● Raw data
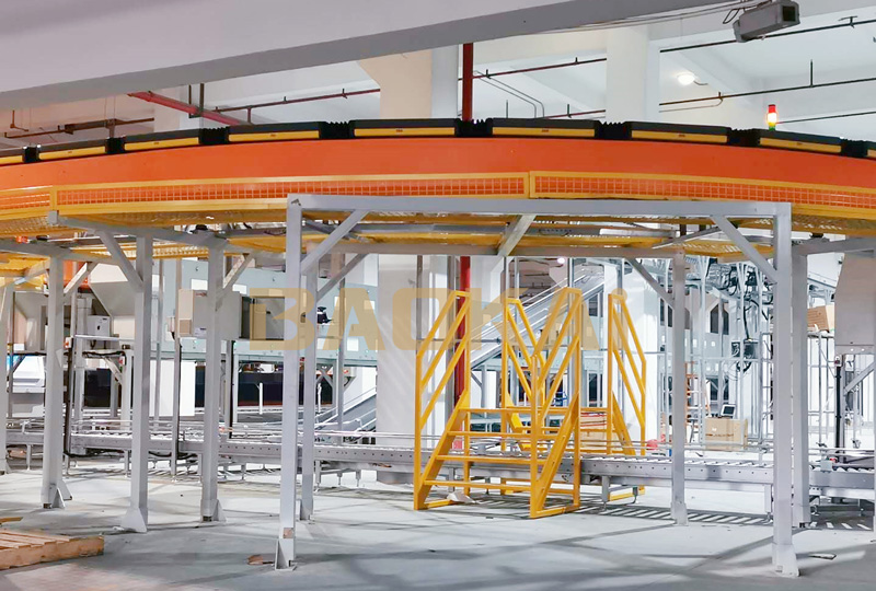 鞋服類大型項目,集成螺旋機,通道機,交叉帶分揀機,提升機等智能設備和寶開BICS信息管理系統,通道機效率達420箱/小時,分揀效率達8000-10000件/小時。
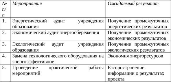 Мероприятия, реализуемые в рамках проектов, предусматривают формирование основных направлений деятельности «Объекта» в сфере эффективного использования энергетических ресурсов в соответствии с республиканским и областным законодательством.
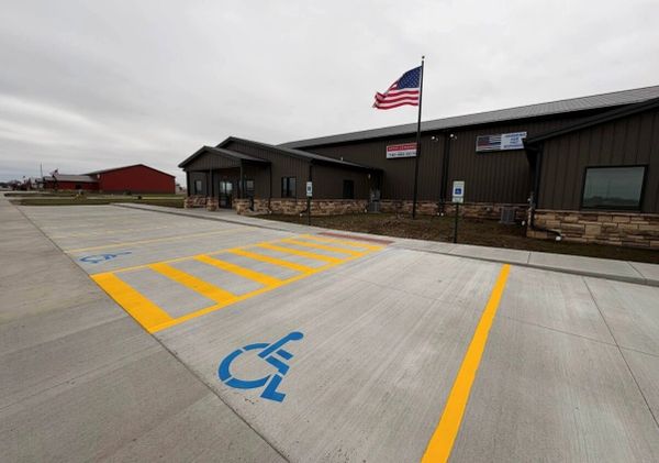 Units are expandable up to 12,000 sq ft per building, with 18' ceilings and 14' overhead doors.
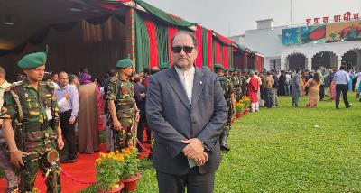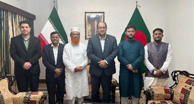 جناب آقای رحیمی جهان آبادی سفیر محترم جمهوری اسلامی ایران در داکا مورخ 26 اسفند 1404 در برنامه قرآنی تقدیر از قاریان و حافظان برتر قرآنی در بنگلادش حضور یافت. در این مراسم که وزیر امور دینی کشور  بنگلادش نیز حضور داشتندسفیر کشورمان ضمن حضور در مراسم و صرف افطاری ،با وزیر امور دینی گفتگو نمودند.
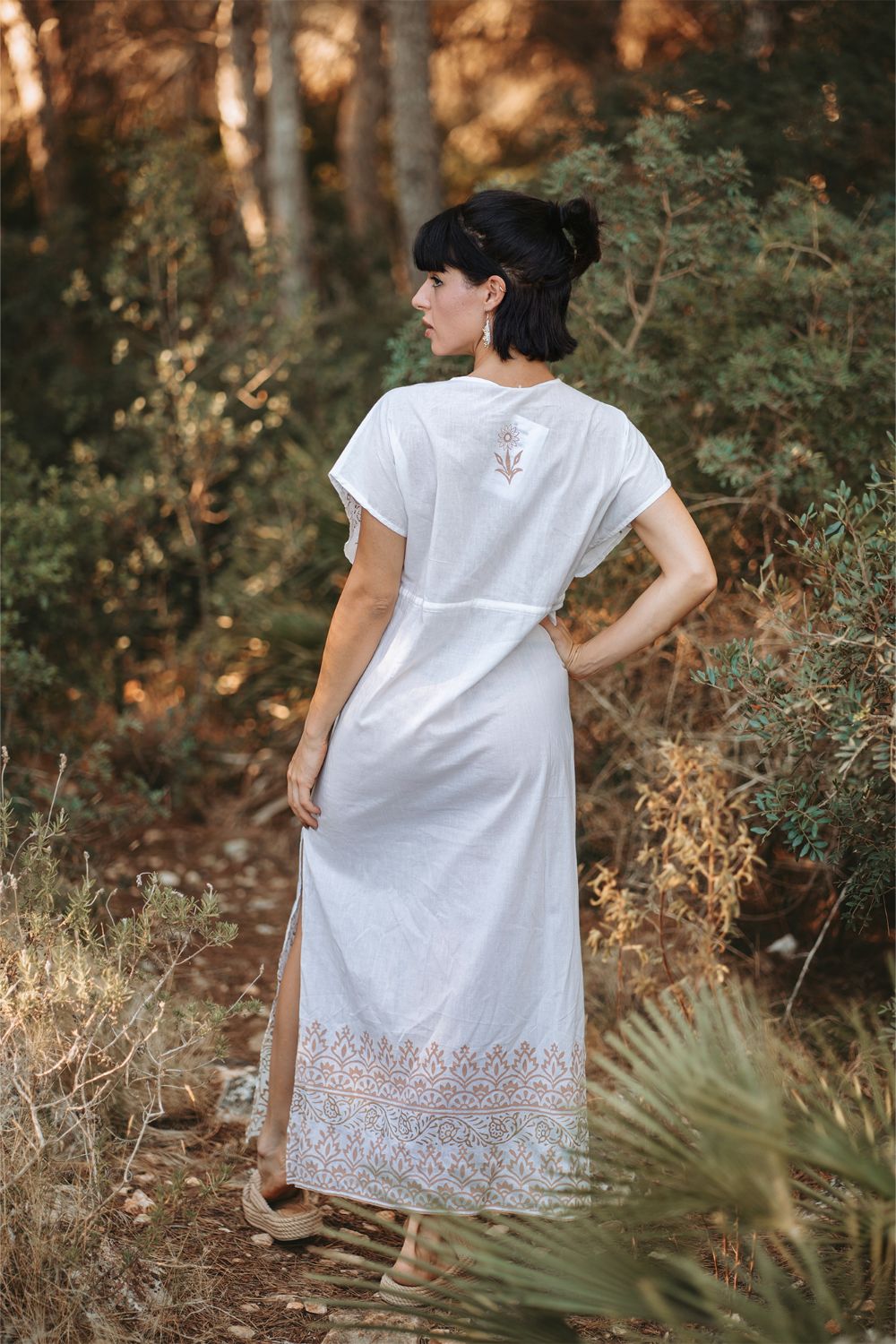 Maxi Cánh Dơi Trắng Cotton Isla Bonita, chất liệu cotton mềm mại, nền vải vẽ ánh kim cao cấp, mặc phối với quần short hoặc đồ bơi. Dài đầm 130cm (60x130) Phù hợp đi biển,
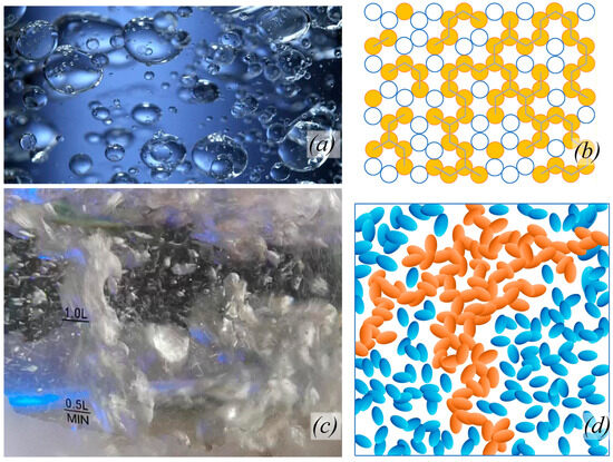 Illustration of the model. Different stages of water boiling: (a) initial, (c) developed, (b,d) and model geometric constructions for describing the boiling crisis. (b) The construction similar to that proposed by Sher and Zallen for a honeycomb lattice redrawn from [29] (explanation in text); (d) The continuum problem of percolation theory for overlapping ellipses, where the percolation cluster is highlighted in orange and the finite clusters are highlighted in blue.
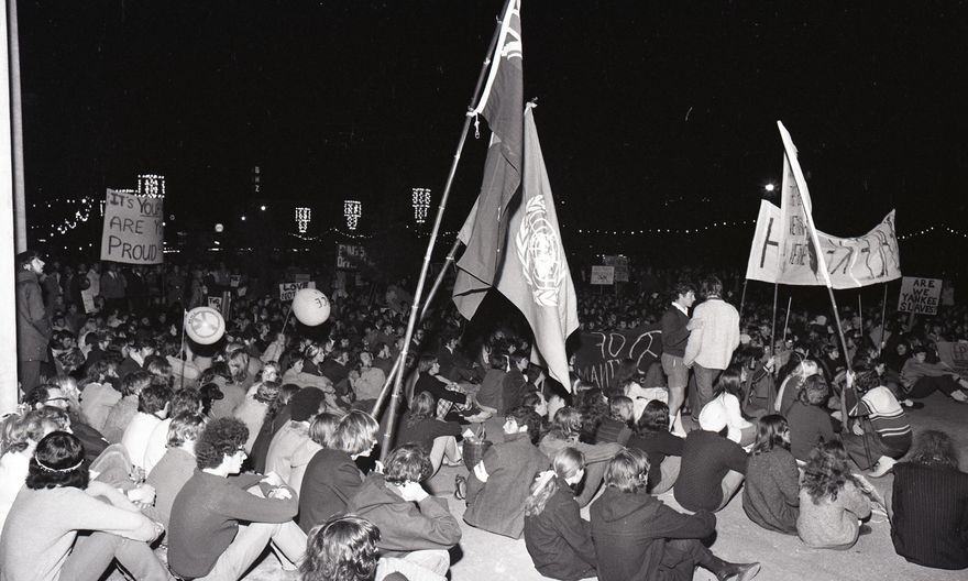 This image was taken (but not used) for a story that ran in The Manawatu Evening Standard on the 1st of May 1970. "Two thousand people sat and stood in front of the Palmerston North Clock Tower last night and sang “We Shall Live in Peace” as the climax to probably the biggest protest march held in Palmerston North.”
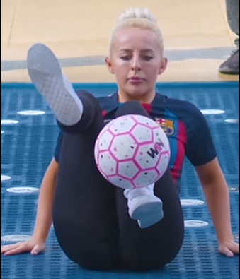 Liv Cooke, wearing a Barcelona football club jersey, came up with 76 sit-down alternating crossovers on the way to the new record
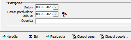 Nato kliknemo na gumb Prenos iz vrstice naročila …
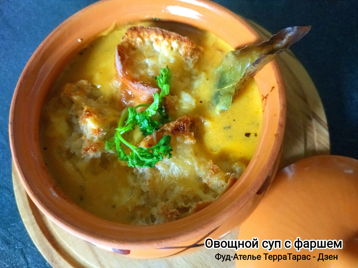 Овощной суп - пюре с мясным фаршем (на тему Минестроне, как я его увидел) . - Лук репч. 1 шт. - Морковь 1 шт. - Перец болг. 1 шт. - Кабачок 1/2 шт. - Картофель 2 шт. - Тыква Баттернат 1/3 шт. - Чеснок 3 зубчиков - Томат 1 шт. - Овощной сток ~ 2 л. - Фарш говяжий (можно микс) 0,3 кг. - Масло ол., сливки, чиабата, орегано, сыр твёрдый, куркума, чили суш., лавр. лист, белое вино столовое. Все овощи нарезать хаотично, средним кубиком. Обжарить лук с морковью на оливковом масле, добавить чеснок и перец болг. Присыпать куркумой, орегано и чуть чили, хорошенько перемешать, добавить бел. вино, выпарить наполовину. Залить овощным стоком, дать закипеть, и закладываем кабачок, тыкву с картофелем. Варим до готовности овощей. Параллельно обжарить фарш ,плюс соль, перец, лавр. лист. Далее,суп разбить блендером до однородной консистенции, добавить фарш обжареный, дать закипеть, сливки туда же, оставить на медленном огне минут на 10 под крышкой. Вот тут занудство закончилось и начинается на
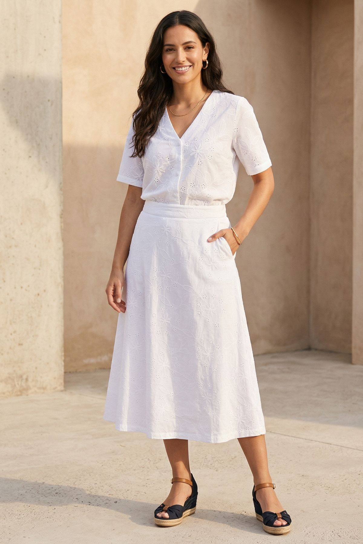 Detaljer: Vackert hålbroderi och funktionella snedställda fickor.

● Work instructions
All entries must come back exactly as written, though without their pictures.

● Result of the exercise
 鞋服類大型項目,集成螺旋機,通道機,交叉帶分揀機,提升機等智能設備和寶開BICS信息管理系統,通道機效率達420箱/小時,分揀效率達8000-10000件/小時。
 Мероприятия, реализуемые в рамках проектов, предусматривают формирование основных направлений деятельности «Объекта» в сфере эффективного использования энергетических ресурсов в соответствии с республиканским и областным законодательством.
 Units are expandable up to 12,000 sq ft per building, with 18' ceilings and 14' overhead doors.
 جناب آقای رحیمی جهان آبادی سفیر محترم جمهوری اسلامی ایران در داکا مورخ 26 اسفند 1404 در برنامه قرآنی تقدیر از قاریان و حافظان برتر قرآنی در بنگلادش حضور یافت. در این مراسم که وزیر امور دینی کشور  بنگلادش نیز حضور داشتندسفیر کشورمان ضمن حضور در مراسم و صرف افطاری ،با وزیر امور دینی گفتگو نمودند.
 Maxi Cánh Dơi Trắng Cotton Isla Bonita, chất liệu cotton mềm mại, nền vải vẽ ánh kim cao cấp, mặc phối với quần short hoặc đồ bơi. Dài đầm 130cm (60x130) Phù hợp đi biển,
 Illustration of the model. Different stages of water boiling: (a) initial, (c) developed, (b,d) and model geometric constructions for describing the boiling crisis. (b) The construction similar to that proposed by Sher and Zallen for a honeycomb lattice redrawn from [29] (explanation in text); (d) The continuum problem of percolation theory for overlapping ellipses, where the percolation cluster is highlighted in orange and the finite clusters are highlighted in blue.
 This image was taken (but not used) for a story that ran in The Manawatu Evening Standard on the 1st of May 1970. "Two thousand people sat and stood in front of the Palmerston North Clock Tower last night and sang “We Shall Live in Peace” as the climax to probably the biggest protest march held in Palmerston North.”
 Liv Cooke, wearing a Barcelona football club jersey, came up with 76 sit-down alternating crossovers on the way to the new record
 Nato kliknemo na gumb Prenos iz vrstice naročila …
 Овощной суп - пюре с мясным фаршем (на тему Минестроне, как я его увидел) . - Лук репч. 1 шт. - Морковь 1 шт. - Перец болг. 1 шт. - Кабачок 1/2 шт. - Картофель 2 шт. - Тыква Баттернат 1/3 шт. - Чеснок 3 зубчиков - Томат 1 шт. - Овощной сток ~ 2 л. - Фарш говяжий (можно микс) 0,3 кг. - Масло ол., сливки, чиабата, орегано, сыр твёрдый, куркума, чили суш., лавр. лист, белое вино столовое. Все овощи нарезать хаотично, средним кубиком. Обжарить лук с морковью на оливковом масле, добавить чеснок и перец болг. Присыпать куркумой, орегано и чуть чили, хорошенько перемешать, добавить бел. вино, выпарить наполовину. Залить овощным стоком, дать закипеть, и закладываем кабачок, тыкву с картофелем. Варим до готовности овощей. Параллельно обжарить фарш ,плюс соль, перец, лавр. лист. Далее,суп разбить блендером до однородной консистенции, добавить фарш обжареный, дать закипеть, сливки туда же, оставить на медленном огне минут на 10 под крышкой. Вот тут занудство закончилось и начинается на
 Detaljer: Vackert hålbroderi och funktionella snedställda fickor.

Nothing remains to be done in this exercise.